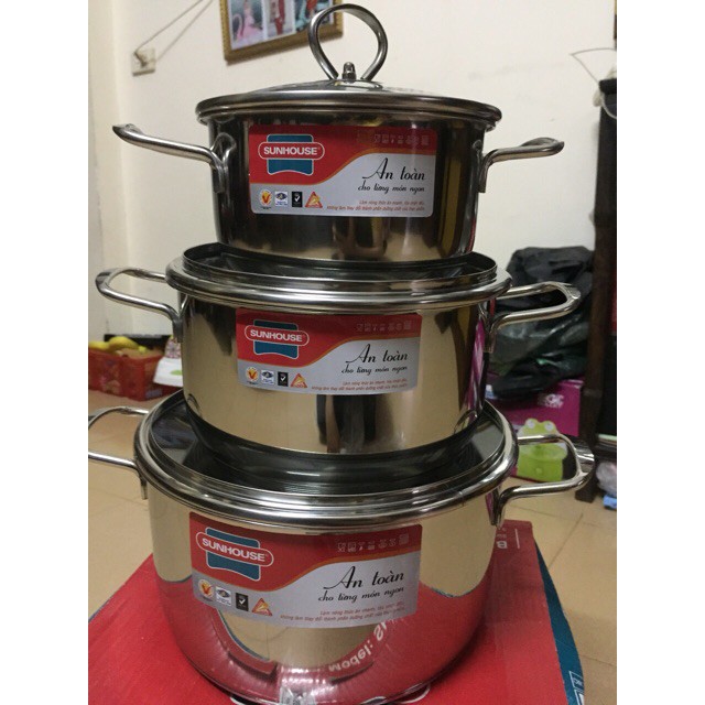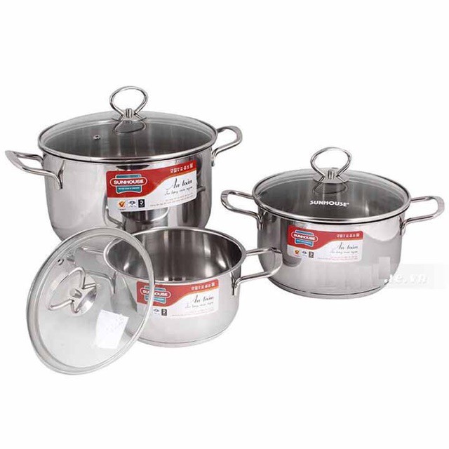 Nhà cửa & Đời sống > Dụng cụ nhà bếp > Nồi || [Free Ship] Bộ Nồi Inox 3 Đáy Sunhouse SH888 Siêu DàyCòn hàng
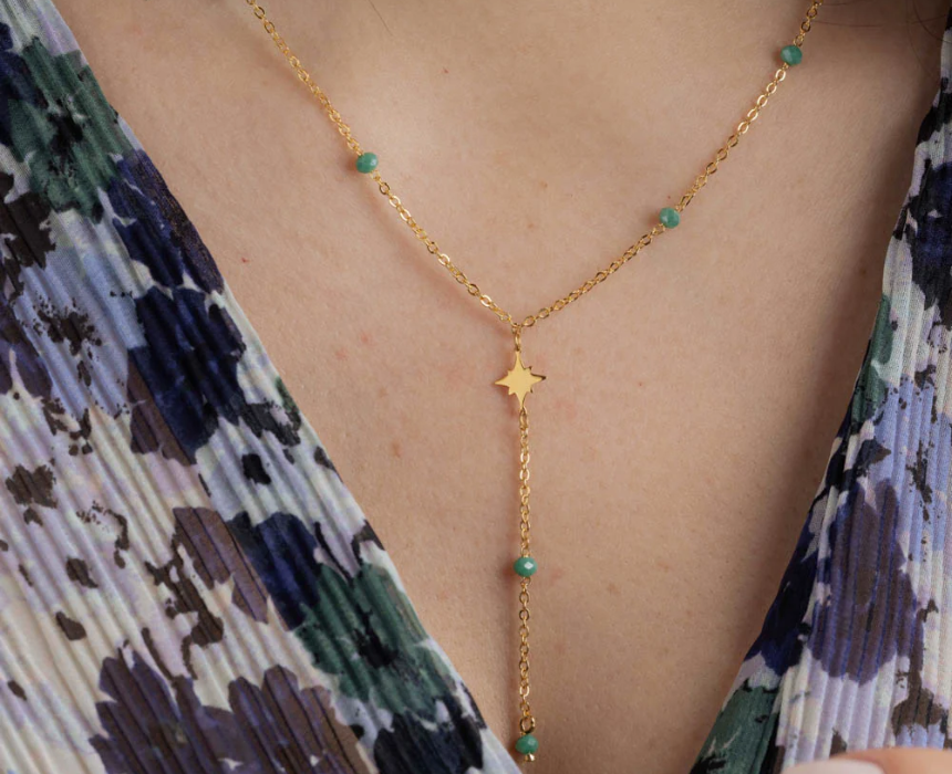 The Star and Beads Choker features a delicate arrangement of star charms and beads, creating a playful and stylish accessory for any outfit. Lightweight and versatile, it enhances casual looks or adds a subtle accent to dressier ensembles. It can be worn alone for a minimalist vibe or layered with other necklaces to create a trendy, layered style
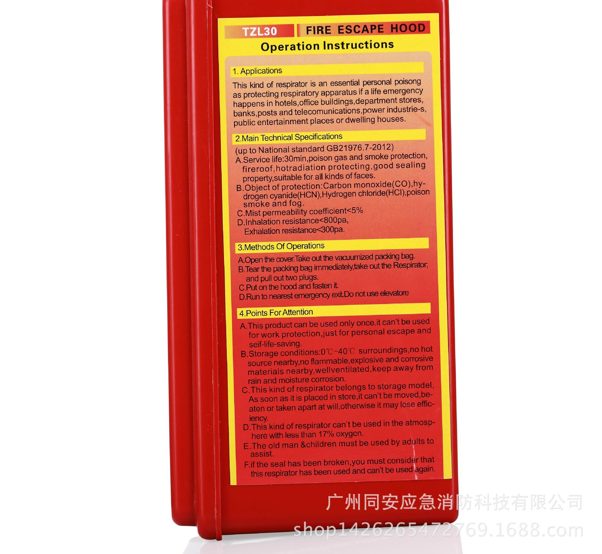 TZL30符合GB21976.7-2012《建筑火灾逃生避难器材 第7部分:过滤式消防自救呼吸器》标准要求。
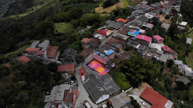 Con la calma que le brindó el lugar, el artista y sus dos compañeros remodelaron la cancha de la Cuchilla del Salado y la dejaron con unos colores llamativos para el disfrute de propios y visitantes.

========================

> _WHAT TO WORK ON_: Would you please reproduce verbatim the run of lines that opens the listing and ends with the line holding "The Star and", and only that run, leaving every picture out?

> _REPLY TO THE TASK_:
 Nhà cửa & Đời sống > Dụng cụ nhà bếp > Nồi || [Free Ship] Bộ Nồi Inox 3 Đáy Sunhouse SH888 Siêu DàyCòn hàng
 The Star and Beads Choker features a delicate arrangement of star charms and beads, creating a playful and stylish accessory for any outfit. Lightweight and versatile, it enhances casual looks or adds a subtle accent to dressier ensembles. It can be worn alone for a minimalist vibe or layered with other necklaces to create a trendy, layered style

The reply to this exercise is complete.